Contrary to the results from Li et al. [34], we did not find associations between short-term exposure to PM2.5 with acute mortality outcomes from the nervous system (e.g. extrapyramidal and movement disorders), however we observed positive associations between cumulative exposure to PM2.5 with digestive (diseases of the liver) and genitourinary (renal failure) mortality. Exposure to PM2.5 has been associated with increased serum levels of hepatic enzymes, such as γ-glutamyltranspeptidase (GTP), and alanine transaminase (ALT), which are biomarkers of liver damage. PM2.5 can induce systemic oxidative stress and inflammation when deposited in the airways, and when swallowed PM2.5 are removed from the airways by mucociliary clearance leading to gastrointestinal exposure with the largest internal dose and adverse effects observed in the liver [30, 49]. On the other hand, recent evidence has shown that PM2.5 is related to renal injury and increases the risk of nephropathy, as well as increased risk of first hospital admission from kidney and total urinary system diseases [32, 41]. PM2.5 can unbalance the kidney function by accumulation in the kidney tissue, endothelial dysfunction, abnormal renin-angiotensin system, and immune complex deposition. The mechanisms of damage from PM2.5 to the kidney involve inflammation, oxidative stress, apoptosis, DNA damage, and autophagy [61].
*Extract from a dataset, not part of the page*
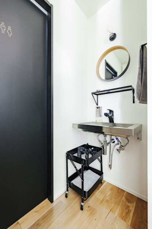 丸い鏡がアクセントの手洗いカウンター

The EPA’s Integrated Science Assessment (ISA) for Particulate Matter [15] defined the associations between short-term exposure to PM2.5 with cardiovascular and respiratory mortality as causal and likely causal, respectively; but less evidence is available for making conclusions about other causes of death [15]. Although our results suggest that short-term exposure to PM2.5 may trigger cause-specific mortality beyond the circulatory and respiratory systems, more epidemiological evidence is needed to understand the links between PM2.5 exposure with the different specific death causes evaluated in our study. New studies about the adverse effects of PM2.5 exposure on multiple prevalent but rarely studied causes of hospital admissions adds to the body of epidemiologic evidence that supports our findings, and it opens the possibility to replicate such results in different locations with ongoing or future health studies [54].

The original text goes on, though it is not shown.